When we apply this change and run to MS SQL Server, DB2 or Oracle (others may be the same) the time comes down to around 2 minutes 30 seconds; this is nearly half of what we started with. There are two things to remember about this:

  1. If you only commit at the end of all your inserts then if you abort when any SQLExecute fails none of your inserts are committed.
  2. Individual inserts will not be visible to other users until you have finished all your inserts and committed them. If this bothers you then perhaps you can still get improved speed by committing less often.

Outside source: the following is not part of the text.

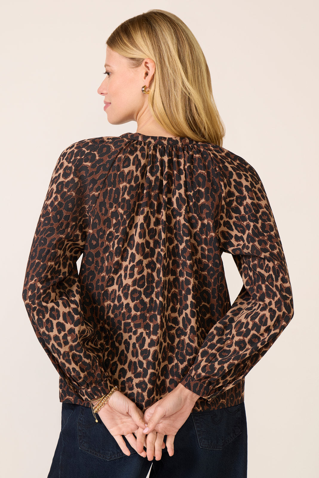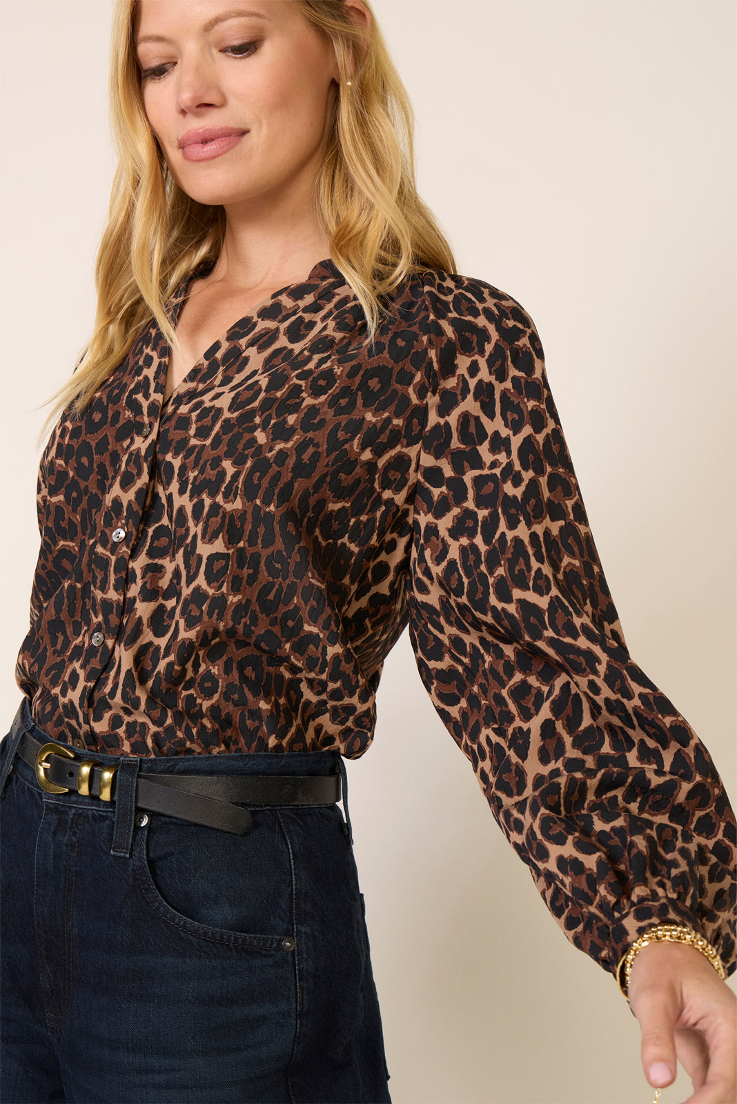 Elevate your day-to-night look with the Saint leopard print top by Rails. Finished in soft lyocell-blend fabric. this button-front top features a relaxed fit. gathered neckline. and long puff sleeves that hit just above the wrist.

One final change we can make is to use arrays of parameters (as we did in row fetching). To do this you call SQLSetStmtAttr() and set the SQL_ATTR_PARAMSET_SIZE to a number > 1. e.g.

#define ROWS 10
SQLINTEGER idata[ROWS]
SQLCHAR cdata1[ROWS][256]
SQLCHAR cdata2{ROWS][256]
SQL_TIMESTAMP_STRUCT ts[ROWS]
SQLREAL fdata[ROWS]

SQLSetStmtAttr(SQL_ATTR_PARAMSET_SIZE, ROWS)

SQLPrepare(insert into perf values (?,?,?,?,?)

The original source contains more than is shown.